In the previous in vivo study 7 both the control and N-acetylcysteine (NAC) groups were exposed to iron (Fe) and hydrogen peroxide (H2O2) which are known to cause protein peroxidation. To examine the effect of NAC, nerve cells were obtained from both groups. The NAC group that previously demonstrated elevations in glutathione was found to be better protected against protein peroxidation. The NAC group had less evidence of protein damage than the control group. From this study, it is most likely that the protective effects of NAC resulted from an NAC-induced increase in glutathione levels. (p<0.01)

NAC Reduces Protein Oxidation in Neurons Exposed to Hydrogen Peroxide (H2O2)


This graph represents technical information presented in: Pocernich C et al. In-vivo glutathione elevation against hydroxyl free radical-induced protein oxidation in rat brain. Neurochemistry International 2000;36:185-191.

N-acetylcysteine protects nerve cells against protein peroxidation.

GLUTATHIONE REDUCES FREE RADICAL ATTACKS ON DNA

Beta amyloid plaque (Aß) has been shown to induce oxidative stress. Many studies have shown that Aß causes excessive calcium influx into neurons which results in excitotoxicity. Overexcited neurons generate ROS (free radicals) and contribute to neurotoxic death.

In a recent (2005) in vivo study, the protective role of glutathione against the oxidative and neurotoxic effects of Aß was evaluated. Not surprisingly, the authors found protein peroxidation and neurotoxicity increased in neurons treated with Aß. When the glutathione level in Aß treated neurons increased, protein peroxidation and excitotoxicity decreased.8

These results show that the up-regulation of glutathione protects nerve cells from oxidative stress and neurotoxicity caused by Aß. Nerve cell death is associated with progressive memory loss.

Another significant finding of this study was the neurons exposed to Aß showed extensive DNA damage and nerve cell death. When neurons were pre-treated to increase glutathione levels, there was a significant reduction in DNA damage and neuronal death when exposed to Aß (p<0.05)
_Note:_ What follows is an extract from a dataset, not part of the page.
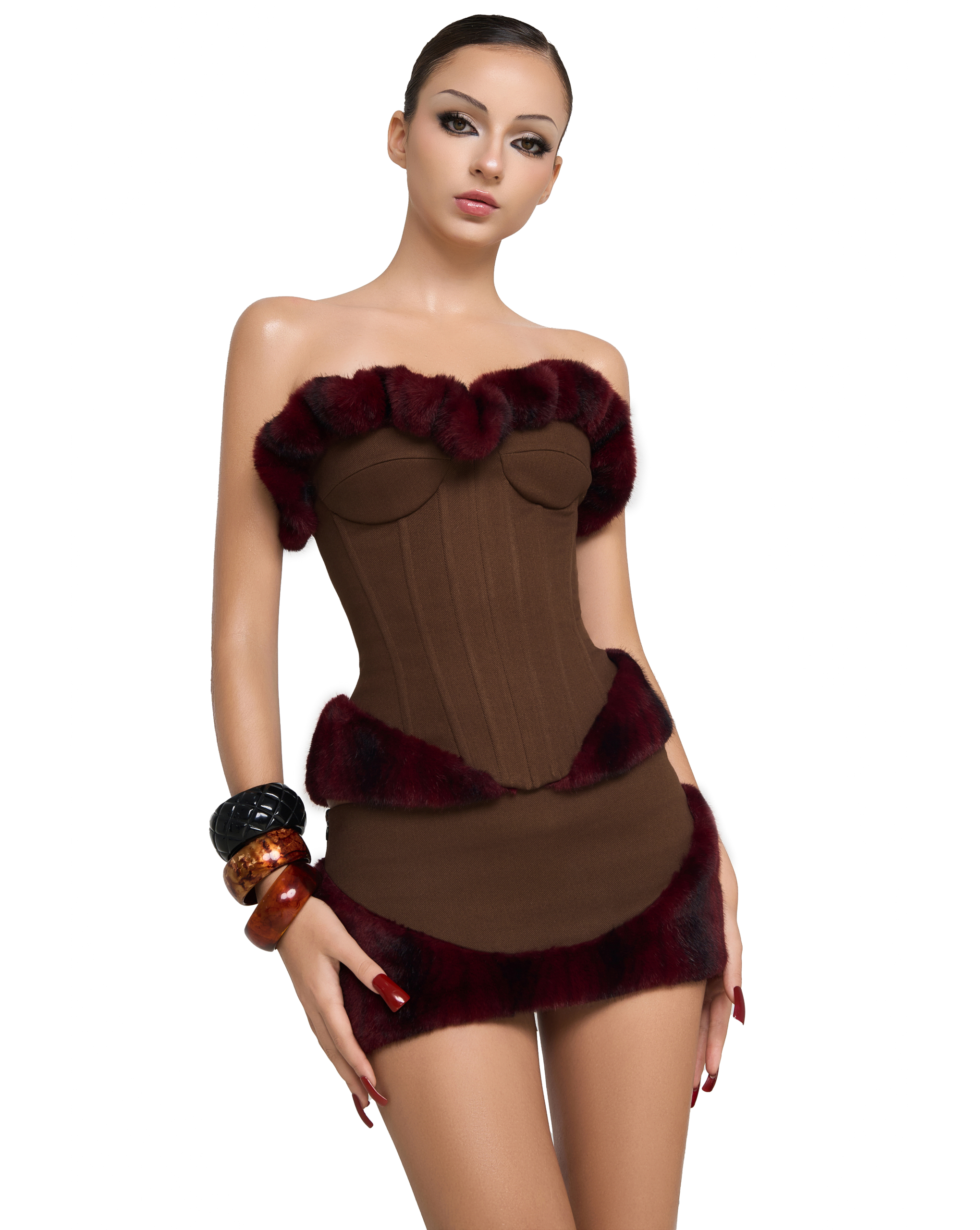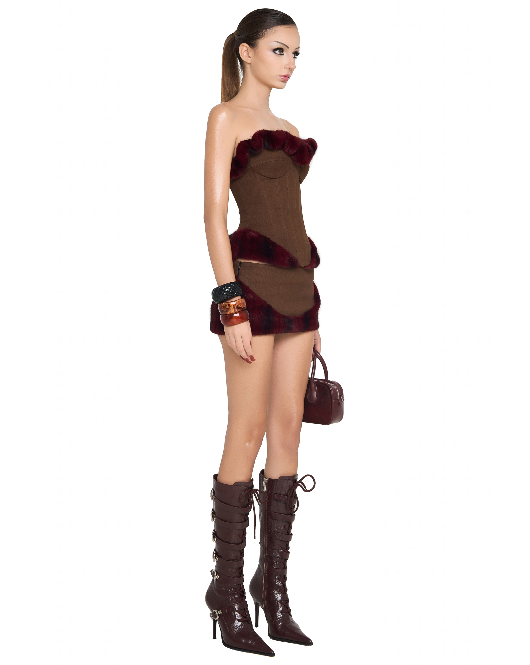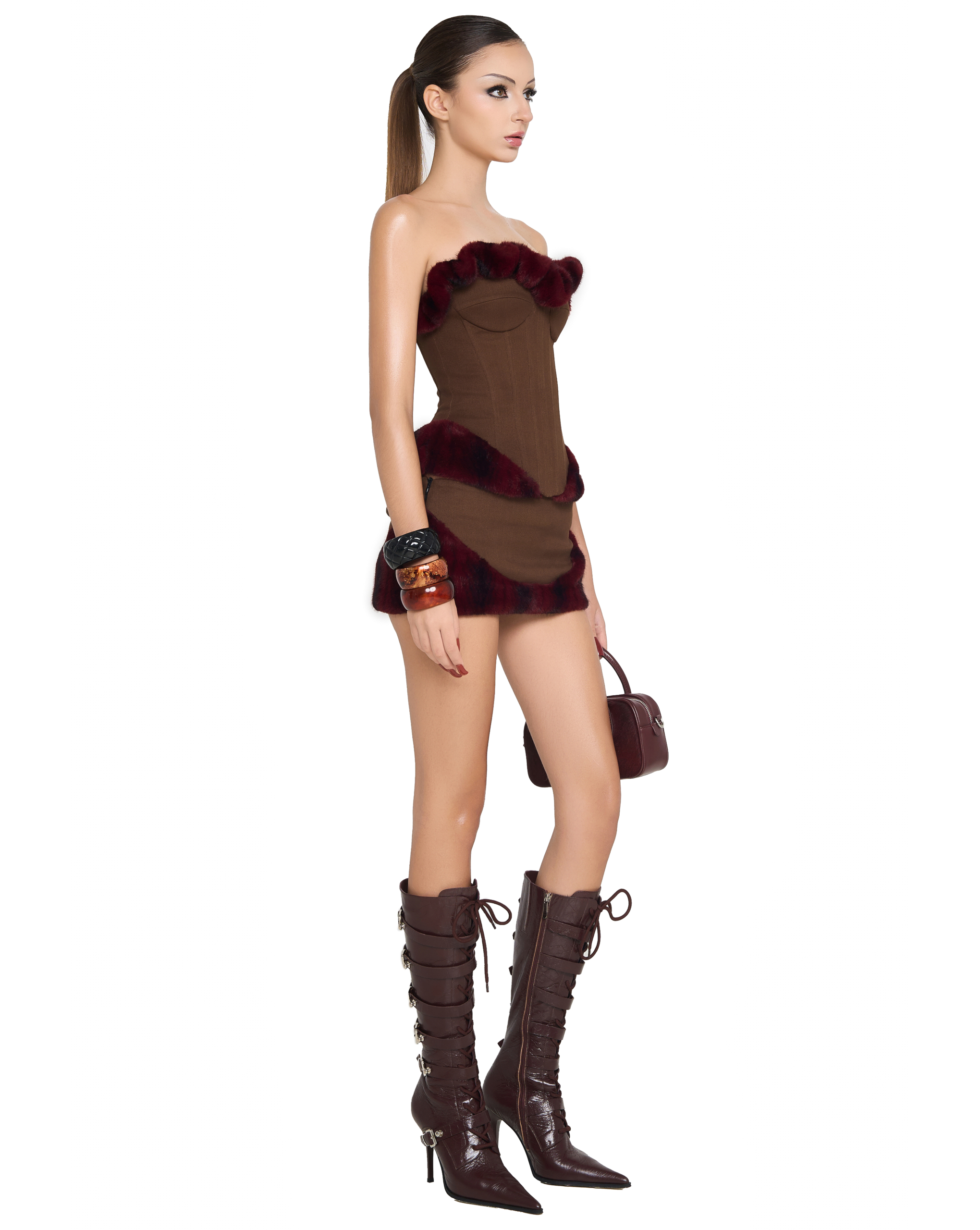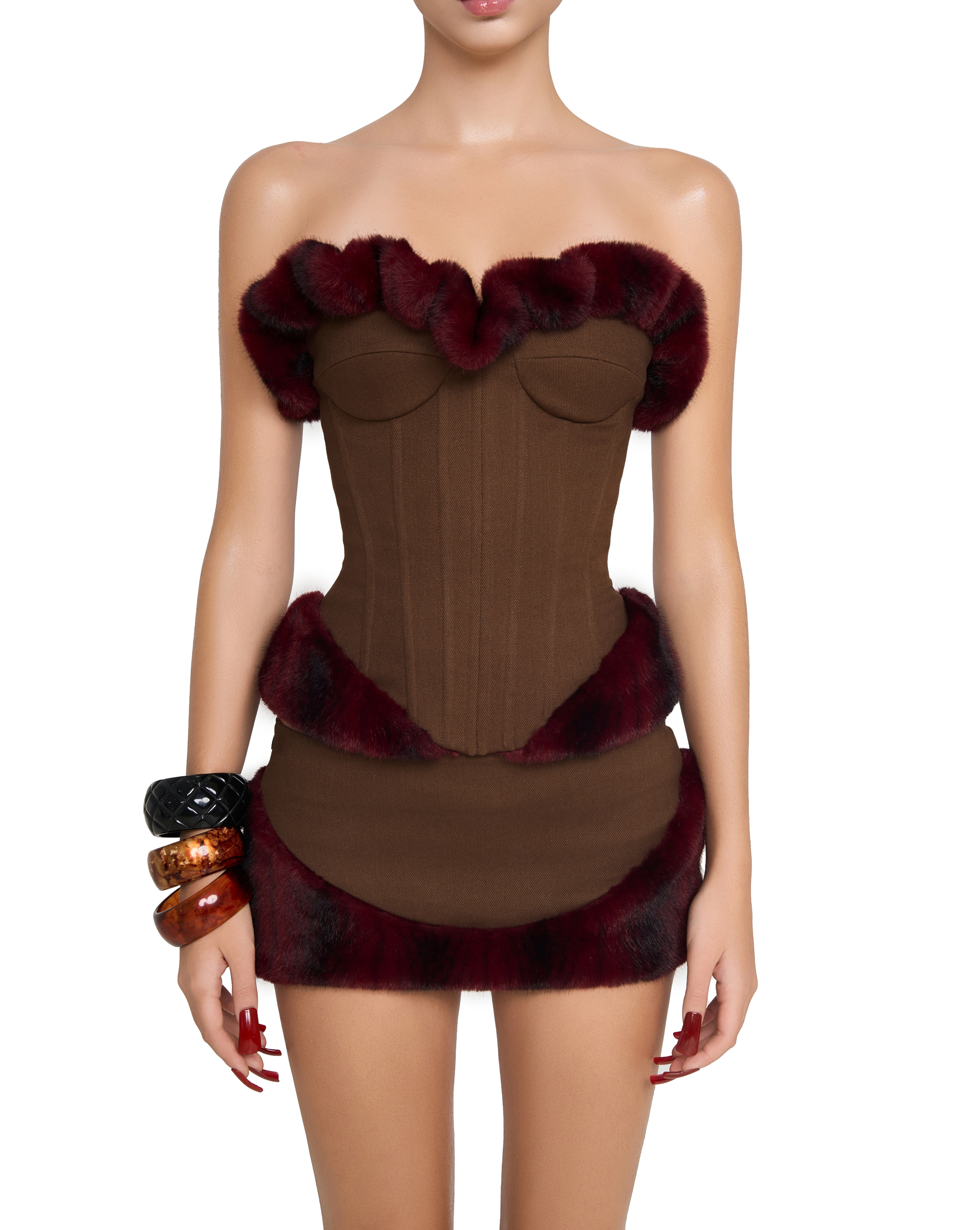Fitted mini skirt with faux fur hem and side zip

NAC REDUCES DNA DAMAGE IN NEURONS

Upregulation of glutathione reduced Aß-induced neuronal DNA damage and death (in vivo)
This graph represents technical information presented in: Boyd-Kimball D et al. Gamma-Glutamylcysteine ethyl ester-induced up-regulation of glutathione protects neurons against Aß (1-42)-mediated oxidative stress and neurotoxicity: implications for Alzheimer's disease. Journal of Neuroscience Research 2005;79:700-706.
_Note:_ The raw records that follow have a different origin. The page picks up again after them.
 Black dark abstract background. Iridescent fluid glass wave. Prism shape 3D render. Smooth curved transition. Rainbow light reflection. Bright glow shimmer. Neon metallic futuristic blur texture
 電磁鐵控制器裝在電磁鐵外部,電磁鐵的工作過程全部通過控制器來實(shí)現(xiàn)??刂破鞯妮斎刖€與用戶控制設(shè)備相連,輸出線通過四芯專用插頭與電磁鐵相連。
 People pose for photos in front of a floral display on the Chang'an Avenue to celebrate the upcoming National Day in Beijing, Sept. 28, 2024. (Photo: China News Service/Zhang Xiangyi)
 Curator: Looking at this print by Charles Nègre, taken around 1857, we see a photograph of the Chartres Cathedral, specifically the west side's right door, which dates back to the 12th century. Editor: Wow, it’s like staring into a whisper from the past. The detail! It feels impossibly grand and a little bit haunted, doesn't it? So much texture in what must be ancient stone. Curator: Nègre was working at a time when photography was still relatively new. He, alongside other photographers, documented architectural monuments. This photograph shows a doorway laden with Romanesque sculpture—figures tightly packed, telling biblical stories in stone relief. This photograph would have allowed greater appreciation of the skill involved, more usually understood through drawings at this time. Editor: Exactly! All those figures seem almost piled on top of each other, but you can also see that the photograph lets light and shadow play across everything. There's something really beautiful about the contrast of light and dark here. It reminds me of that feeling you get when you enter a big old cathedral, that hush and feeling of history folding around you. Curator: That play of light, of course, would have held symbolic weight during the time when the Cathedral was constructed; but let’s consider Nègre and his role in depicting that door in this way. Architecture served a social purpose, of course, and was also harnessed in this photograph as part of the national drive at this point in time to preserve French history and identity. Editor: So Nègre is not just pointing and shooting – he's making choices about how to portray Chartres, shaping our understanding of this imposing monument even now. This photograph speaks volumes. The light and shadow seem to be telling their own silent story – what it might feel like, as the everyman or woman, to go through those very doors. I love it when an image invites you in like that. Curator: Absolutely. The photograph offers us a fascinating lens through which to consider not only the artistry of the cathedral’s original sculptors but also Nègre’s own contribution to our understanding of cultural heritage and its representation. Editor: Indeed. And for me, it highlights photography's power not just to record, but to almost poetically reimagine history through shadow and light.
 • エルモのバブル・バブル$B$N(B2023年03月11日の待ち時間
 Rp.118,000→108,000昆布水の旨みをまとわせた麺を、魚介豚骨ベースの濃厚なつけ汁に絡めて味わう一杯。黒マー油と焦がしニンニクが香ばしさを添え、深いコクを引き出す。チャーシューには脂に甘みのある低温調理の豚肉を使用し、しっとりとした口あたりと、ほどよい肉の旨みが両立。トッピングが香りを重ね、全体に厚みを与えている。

Glutathione (GSH) levels are decreased with age and beta amyloid plaque levels.

Neurons were treated to increase cellular levels of GSH. Treated and non-treated neurons were exposed to Aß which induced oxidative stress.
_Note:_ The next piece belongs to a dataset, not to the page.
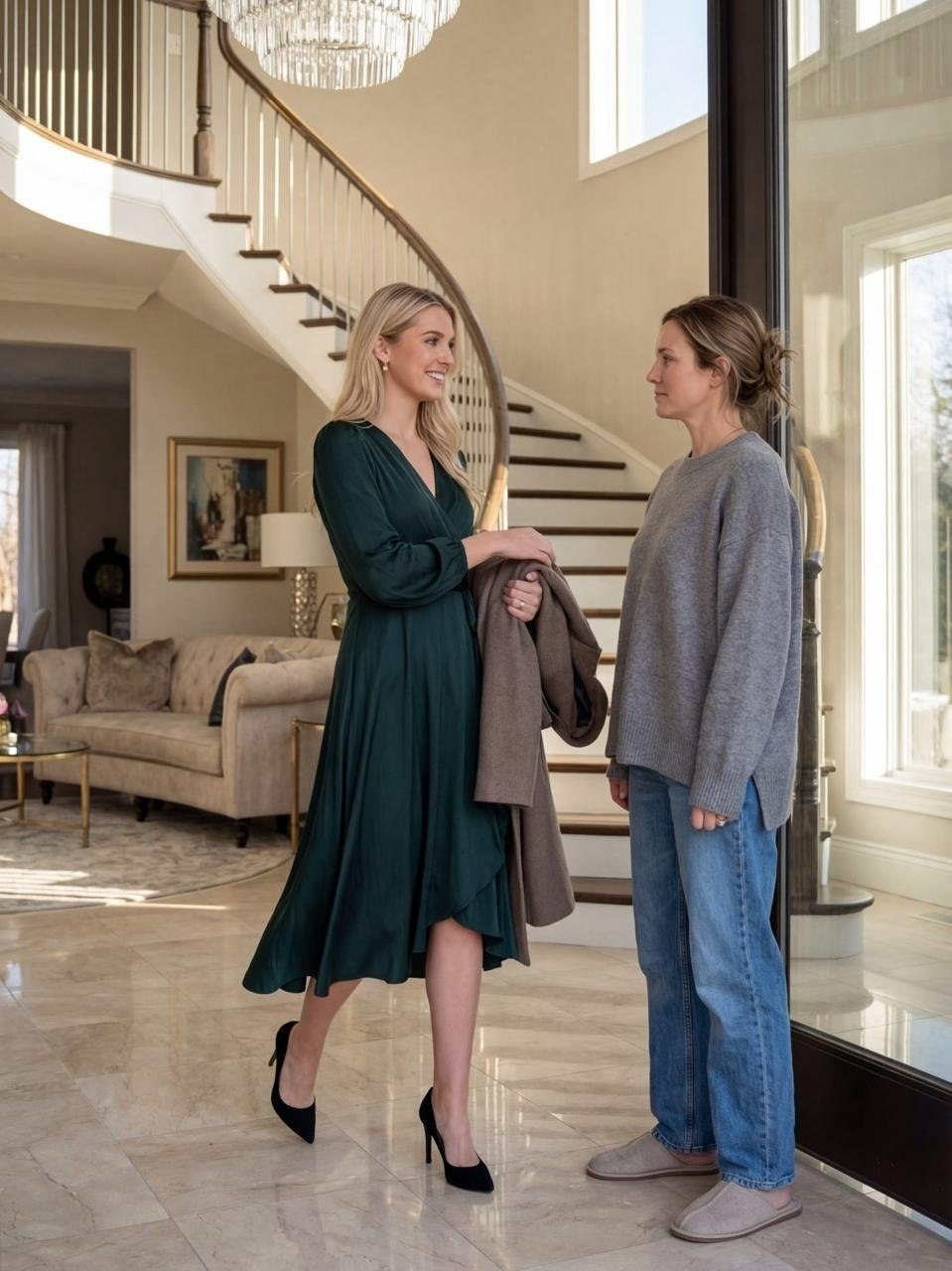 Non con una discussione accesa o un confronto drammatico. Non con una telefonata a tarda notte o un messaggio scoperto per caso. A volte la verità arriva alla tua porta, suona il campanello ed entra indossando un cappotto costoso.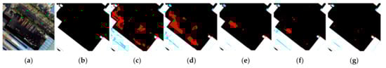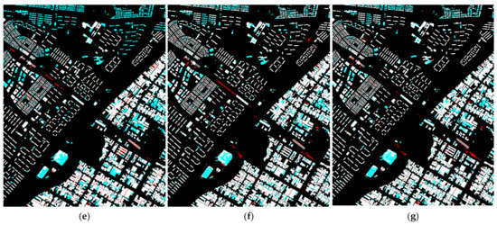 The apartments and houses area of site 1 is adjacent to the area used for the generation of the training dataset. Thus, it has characteristics similar to those of the training dataset. As shown in Figure 8c–g, some construction sites in the upper center were falsely detected as buildings. The upper right area includes many containers or small buildings, which are difficult to distinguish. However, compared to the other deep learning methods, the proposed method detected fewer nonbuilding areas, as highlighted in red. In particular, the false detection area of the proposed method was smaller than that of HRNet-v2. Figure 9 shows detailed results for the apartments and houses area of site 1. As shown in Figure 9c,d, SegNet and U-Net falsely detected pixels corresponding to the vacant lot next to a building as building pixels. Additionally, the unusual surface at the bottom of the image could not be detected as part of the building. As shown in Figure 9e, FC-DenseNet could not detect some building pixels and falsely detected shadow pixels as building pixels. HRNet-v2 also falsely detected some shadow pixels between buildings as building pixels, as shown in Figure 9f. In contrast, with the csAG-HRNet method proposed in this manuscript, false detection and non-detection were less common than with the other deep learning networks.

Neurons pre-treated to increase GSH were protected against DNA damage following exposure to Aß.

Cerefolin®NAC contains N-acetylcysteine which increases levels of GSH. GSH played a protective role in the oxidative and neurotoxic damage induced by Aß.

References

  1. Monograph: Glutathione, Reduced (GSH). Alternative Medicine Review 2001;6(6):601-607.
  2. Lui R and Choi J. Age-associated decline in Gamma-glutamylcysteine synthetase gene expression in rats. Free Radical Biology Medicine 2000;28:566-574.
  3. Pocernich C et al. In-vivo glutathione elevation against hydroxyl free radical-induced protein oxidation in rat brain. Neurochemistry International 2000;36:185-191.
  4. Ibid.
  5. Hultberg B et al. Plasma homocysteine and thiol compound fractions after oral administration of N-acetylcysteine. Scandinavian Journal of Clinincal Laboratory Investigation 1994;54(6):417-22.
  6. Pocernich.
  7. Ibid.
  8. Boyd-Kimball D et al. Gamma-Glutamylcysteine ethyl ester-induced up-regulation of glutathione protects neurons against Aß (1-42)-mediated oxidative stress and neurotoxicity: implications for Alzheimer's disease. Journal of Neuroscience Research 2005;79:700-706.